Silently Connor crept around, keeping to the shadows and away from the light of the fires. Kneeling beside Henri, he placed a gentle hand on the boy’s shoulder and a finger to his lips. Henri flinched and his eyes widened in horror.

“It’s me, Connor,” he whispered, realizing his camouflaged face must look nightmarish to the poor traumatized boy.

“They said . . . you were dead,” he rasped.

“Well, I’m not. And neither is your sister.”

It took a moment for this to sink in, and then Henri managed a weak smile. Connor produced the inhaler and helped Henri with it. After a minute or so, his breathing hadn’t eased, so he administered two more doses until gradually the wheezing subsided. Although Henri needed more time to recover, Connor couldn’t risk delaying much longer. A guard could pass by at any second.

“Can you walk?” he whispered.

Henri nodded. As Connor pulled him into a sitting position, one of the workers opened his eyes and looked directly at them. Connor froze, waiting to see what the man’s reaction would be.

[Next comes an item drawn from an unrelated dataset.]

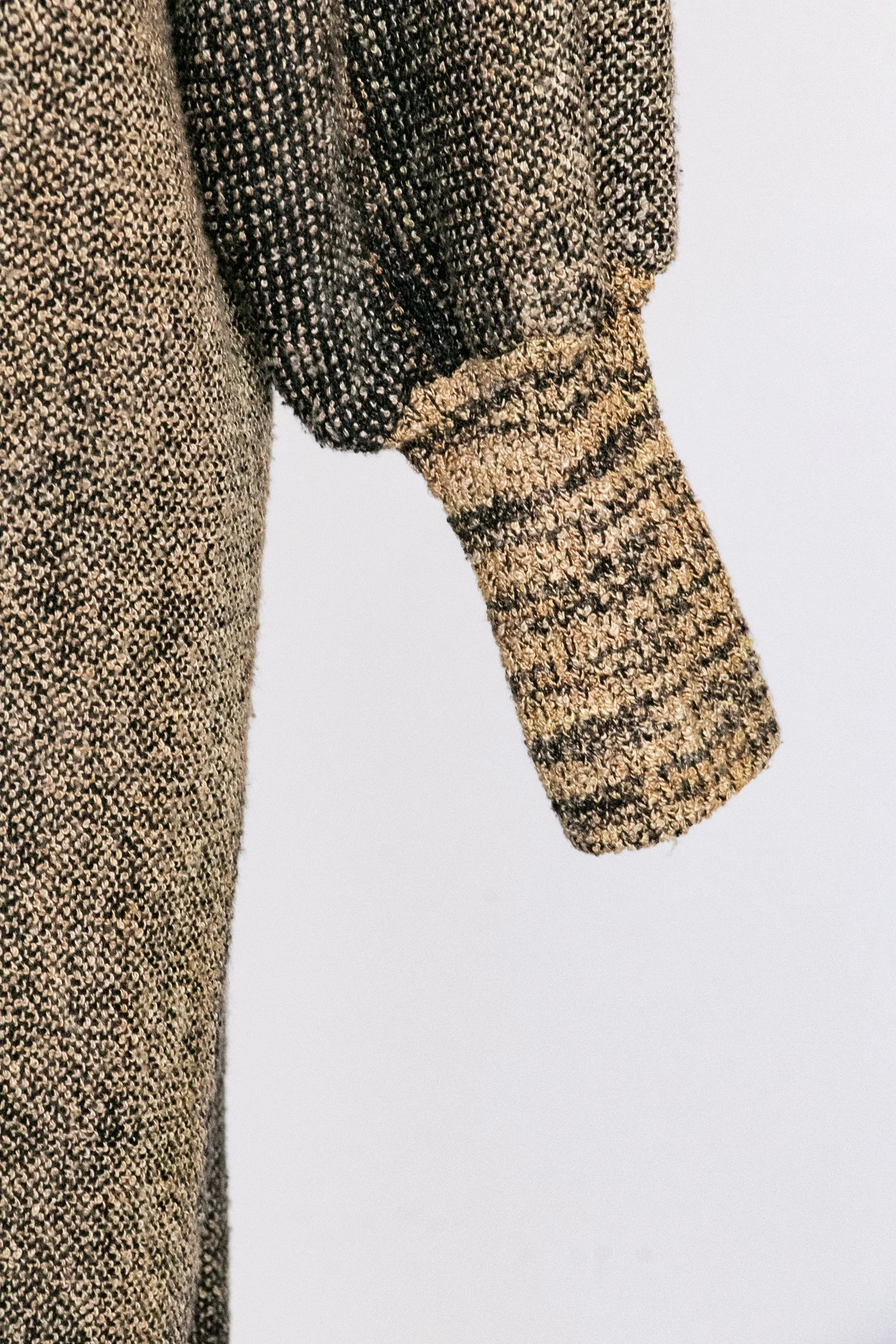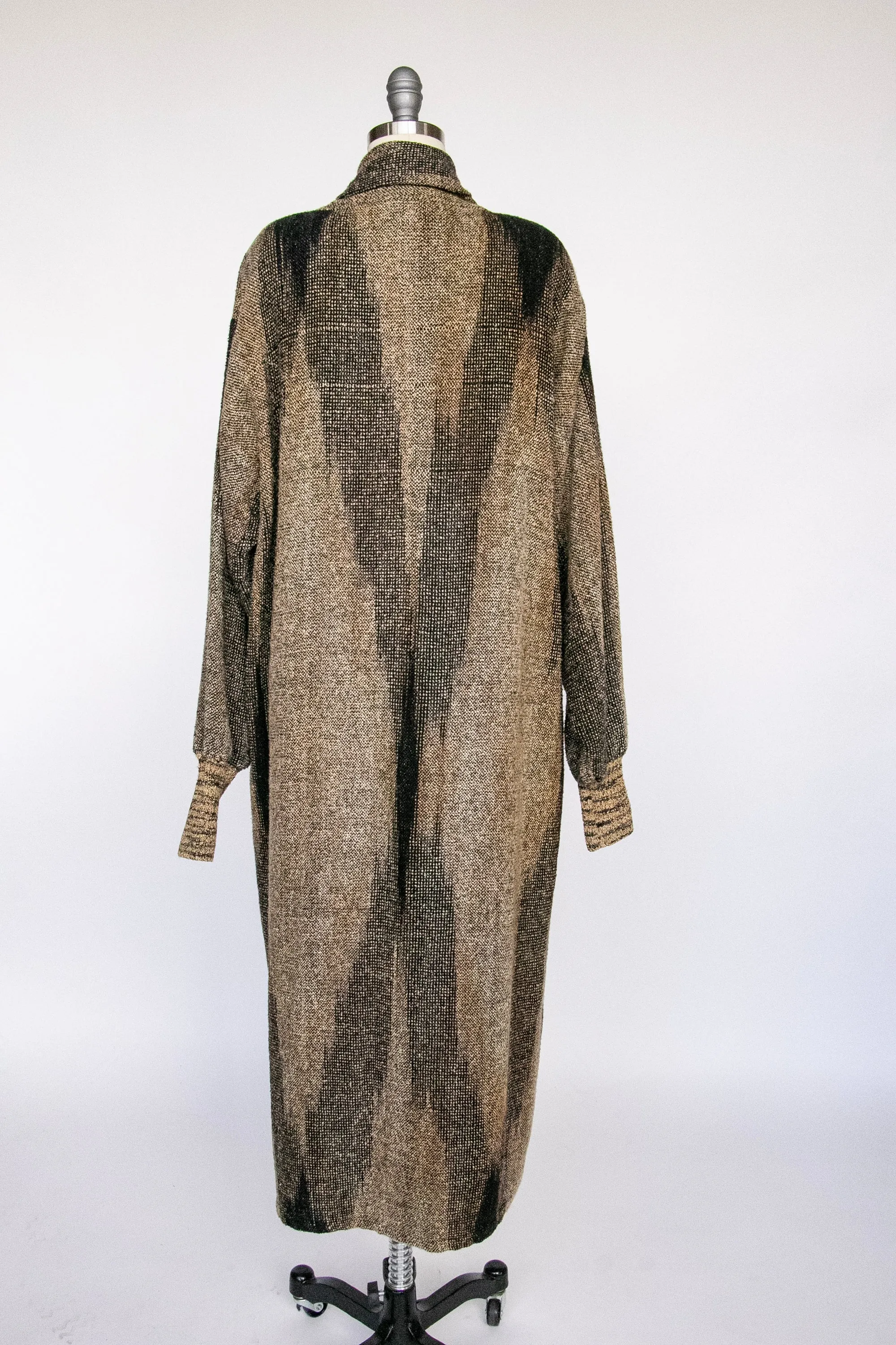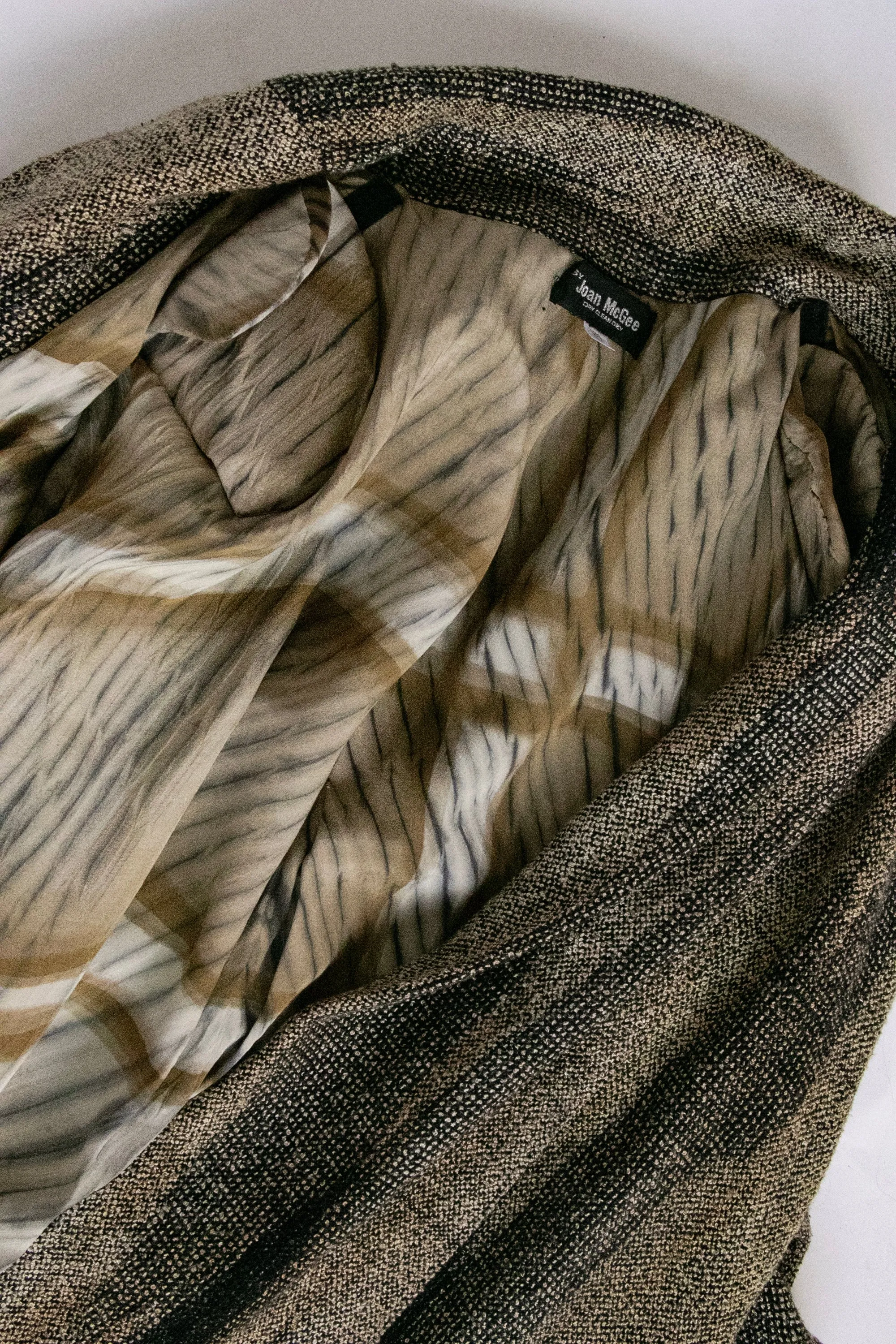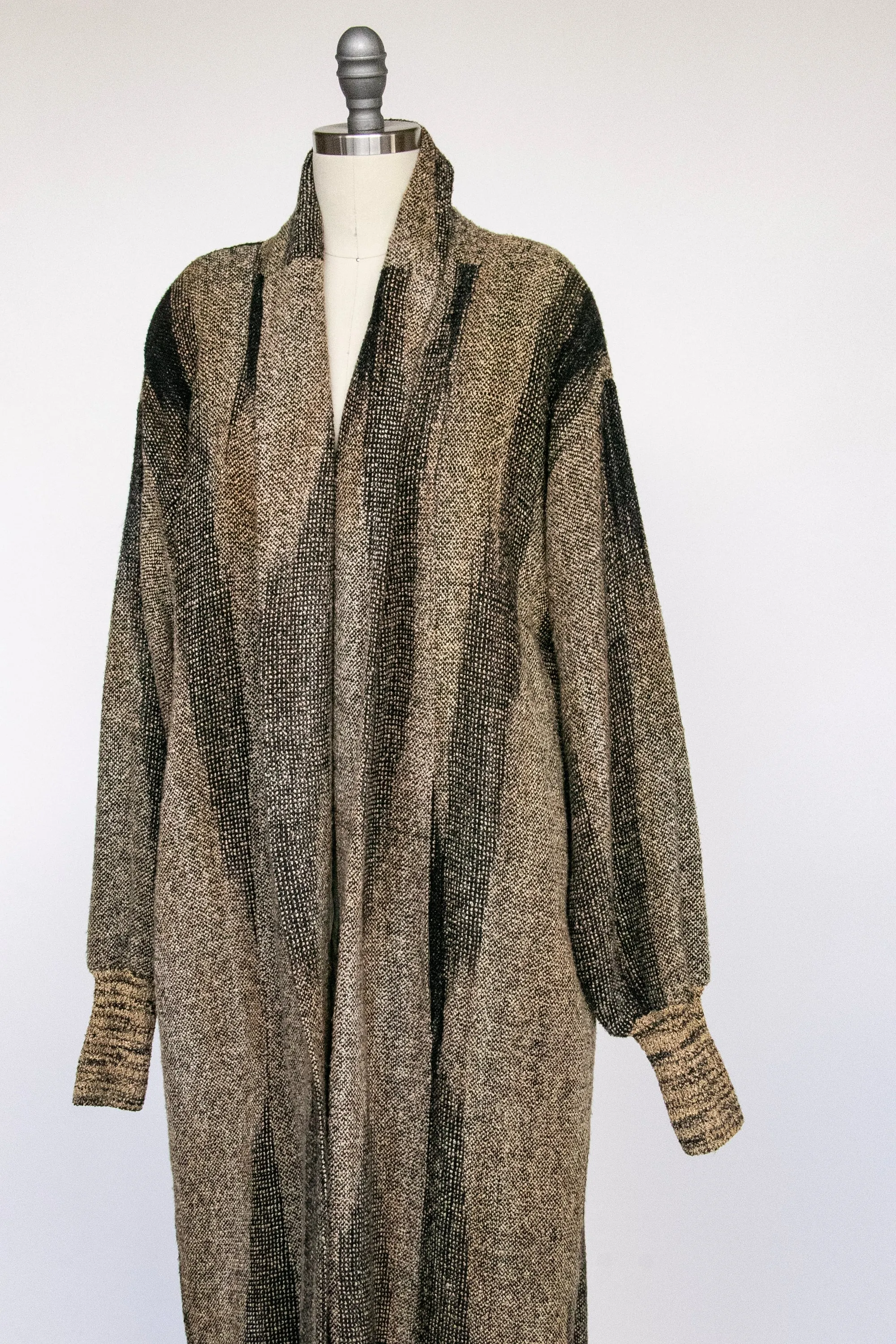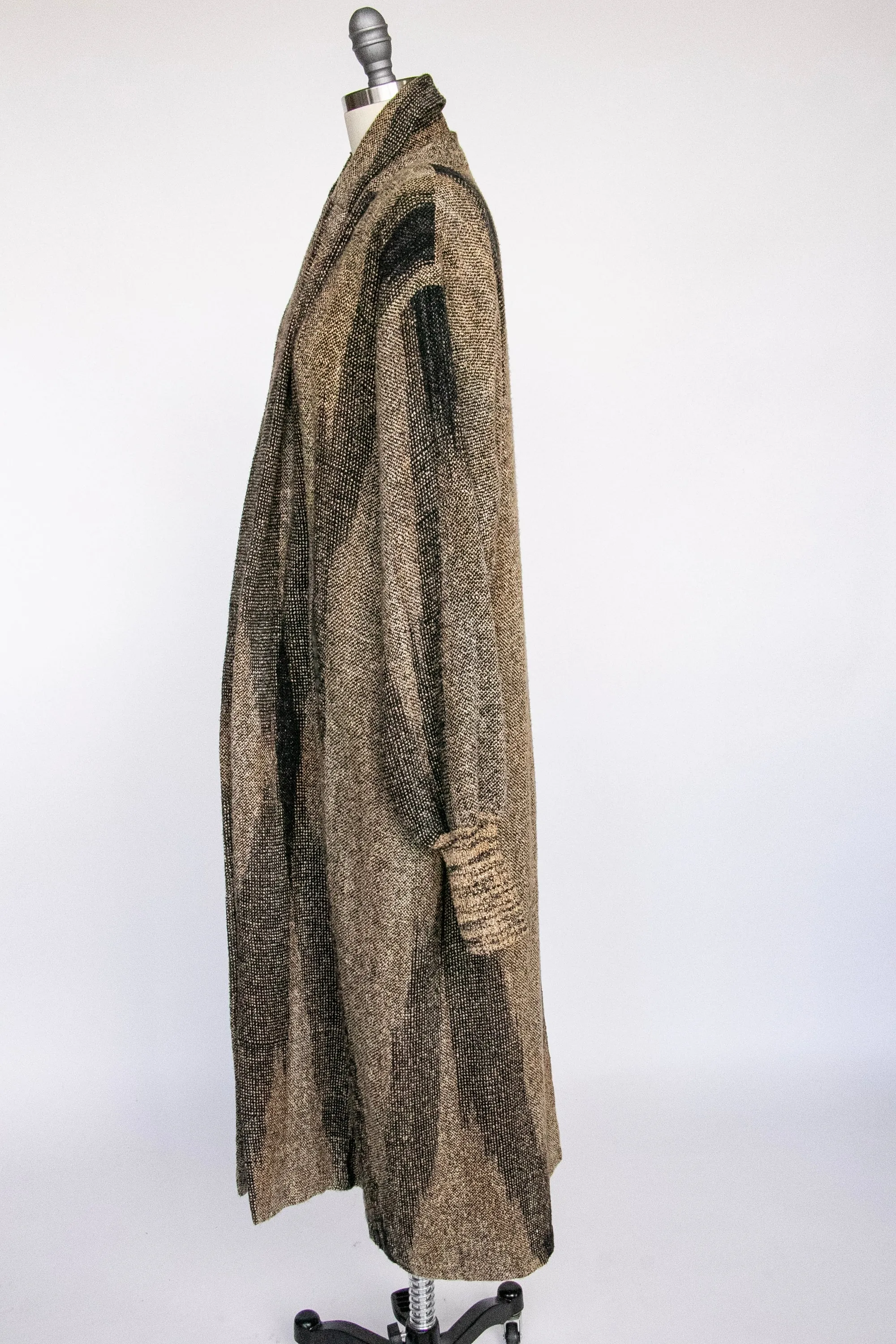 Incredible vintage 1980s oversized duster cardigan sweater by Jean McGee. Stunning hand woven silk knit wearable art piece that feels so luxurious and comfortable to wear. Long sleeves with wide fitted cuffs, open fit, attached removable shoulder pads, hangs open with no closures. Lined in stunning printed silk.

C’est mon ami,” Henri explained.

The man winked, as if to say their secret was safe with him, and closed his eyes again.

Henri winced as Connor dragged him to his feet.

“I’m okay,” he whispered, putting on a brave face.

Connor could feel the crisscross of raised welts that the bamboo cane had inflicted upon his body and realized that Henri must be in excruciating pain. Admiring the boy’s courage, he gently placed Henri’s arm over his shoulder and helped him toward the river. As they stumbled through the dug-out pits and waterlogged ditches, Connor glanced back to make sure there were no guards in sight. Thankfully the rebels still appeared to be absorbed in their card games. Helping Henri up the opposite bank, Connor knew they were going to make it.

They were almost within reach of the cover of the bushes when there was a shout. All of a sudden flashlight beams cut through the darkness like swords. More shouts broke out, and for a moment Connor believed they’d been spotted.

But the alarm hadn’t been raised for them.

Farther upstream Amber was being frog-marched into the rebel camp at gunpoint.